Postgresql – What indexing to be used over string columns(text type) with string length around 3000 characters


I am using open source columnar dbms (postgresql+Cstore).

I am trying to speed up the response time of queries. My database has tables with strings mostly. String columns contain huge data (up to 3000 characters per value). A linear look up will take it too long to give results. My queries vary from simple '=' to like, contain and wildcards.

I am unable to conclude on what indexing should I use on string columns. I have hash table, trie structure, B+ tree index in mind.

The problem with hash table is collisions and even if use perfect hashing, there are chances of returning false positives. Moreover, hash index cannot solve like, contains and wild card queries.
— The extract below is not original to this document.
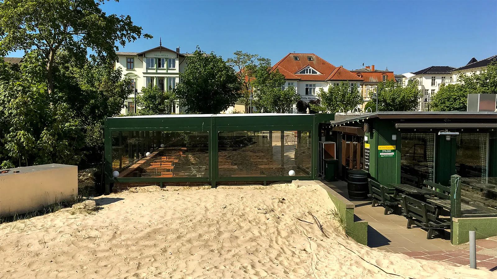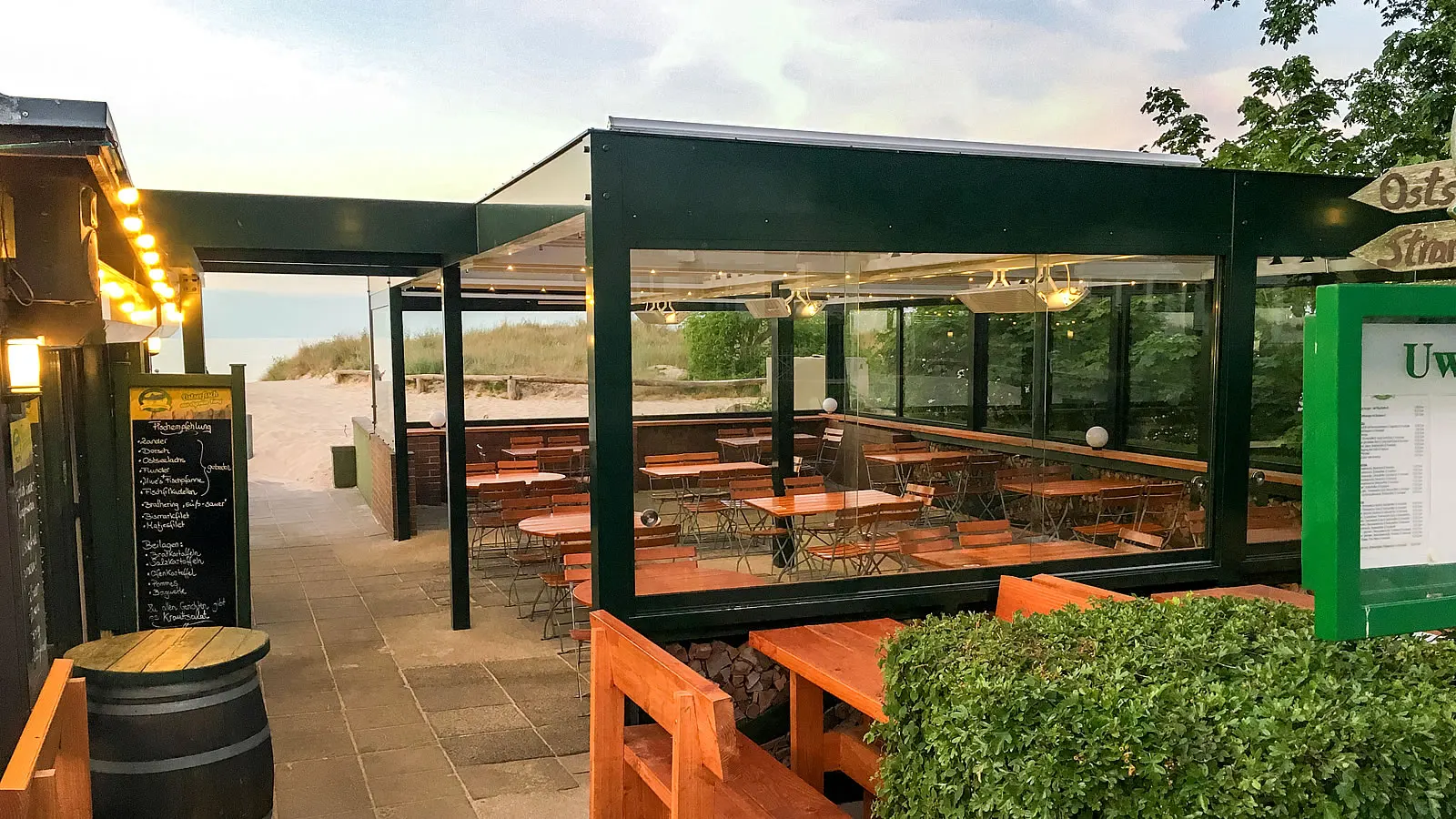 Lamellendach an einem Restaurant auf Usedom, Ostsee - Außenansicht Rückseite.

Apart from that, my data have duplicate values in columns like company name etc., and building perfect hash is getting difficult over values with duplicates in them.

Trie and B+ tree: Trie seems useful for all the queries, but as I mentioned, my strings are of huge length. Can trie be scaled to that extent? I have the same question regarding B+ Tree also.

So, to sum up, I have lengthy string columns and I need speed in query execution. Which indexing should I use, or is there any other method to speed up searches, apart from what I've mentioned?

Best Answer

Are you looking to use the existing methods already implemented in PostgreSQL, or to implement your own new indexing methods?

PostgreSQL's implementation of b-tree indexes cannot index values longer than about 2712 (although it will compress the value if it is highly compressible, before failing due to size) unless you recompile PostgreSQL with a non-standard block size.

PostgreSQL has hash indexes, but they are discouraged because they are not crash-safe. And as you say, it would only support '=' operators.

You might be able to use the pg_trgm extension which creates a type of GIN index which can support LIKE queries. It should be able to accommodate your long strings, but it might not be very effective with them. But with some C programming you could perhaps customize it to suit your usage.